When somone is caught hunting private land without written permission, does DNR notify the land owner or do they just give the person a ticket and move on?


----------



## Backlasher82 (Sep 22, 2009)

It's usually the land owner that notifies the DNR.


----------



## Bnathanb1982 (Sep 22, 2009)

*Huh?*



300 short mag said:


> Don`t do it and you will not have to ask, posted or not it is trespassing!



Maybe he was asking about his own land.  I'm curious to know the answer too but I have no intentions of hunting without permission.


----------



## ryano (Sep 22, 2009)

I do know one thing, written permission is NOT required here in Ga unless the land you are hunting on is posted as requiring it.


----------



## Georgia Hard Hunter (Sep 22, 2009)

I could be wrong, but its my understanding if its private property and you don't own it you have to have written permission


----------



## Laneybird (Sep 22, 2009)

Georgia Hard Hunter said:


> I could be wrong, but its my understanding if its private property and you don't own it you have to have written permission



That's my understanding to. Talked to a DNR officer 10 yrs ago. Got the written permission and have it rewritten each year.


----------



## NGxplr22 (Sep 22, 2009)

I'm also curious about this as we have multiple hunters every year who wander over onto the family owned land we hunt. Most we have just warned and showed them the (excessively posted) property line. One got abusive and threatening and went to jail the second time we found him there.

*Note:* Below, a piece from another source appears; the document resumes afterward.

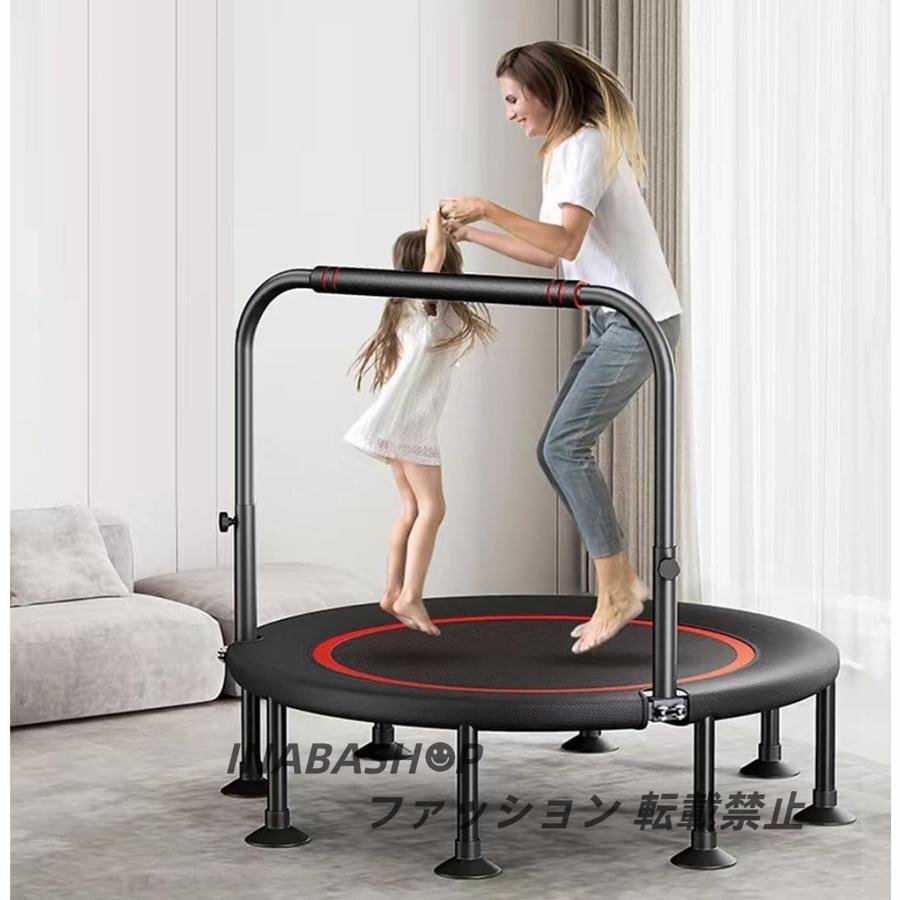 - トランポリン 室内 八本足子供大人兼用 手すり3段階調節 トレーニング エクササイズ あそび 家庭用 耐荷重300kg 折りたたみ式 収納便利

Given Georgia's laws that require a person to be notified that they should leave and/or not come back before they can be arrested for criminal tresspassing, how does this work with a hunter who is tresspassing? 
For example, if you walk in to a Kroger and they want you to leave for whatever reason, you are allowed to leave and warned not to come back by either an employee or LEO/security acting on behalf of the business. If you refuse to leave as soon as you are told or you return then you can be arrested for criminal tresspassing.
So, with regards to hunters tresspassing, is it the the actual hunting while tresspassing that would lead to an arrest without having to first issue them a warning to leave and not return?

Are there differing charges of tresspassing presented by Ga law?
Anyone got a link to the rules or laws that would cover this?


----------



## Ta-ton-ka chips (Sep 22, 2009)

Gatorb said:


> mangler, if caught they will write them up for trespassing if you the landowner want to press charges and appear in court or at least sign an affidavit that says you want to press charges. From my experience with a similar situation they will not write them up for trespassing without you pressing the charges and appearing.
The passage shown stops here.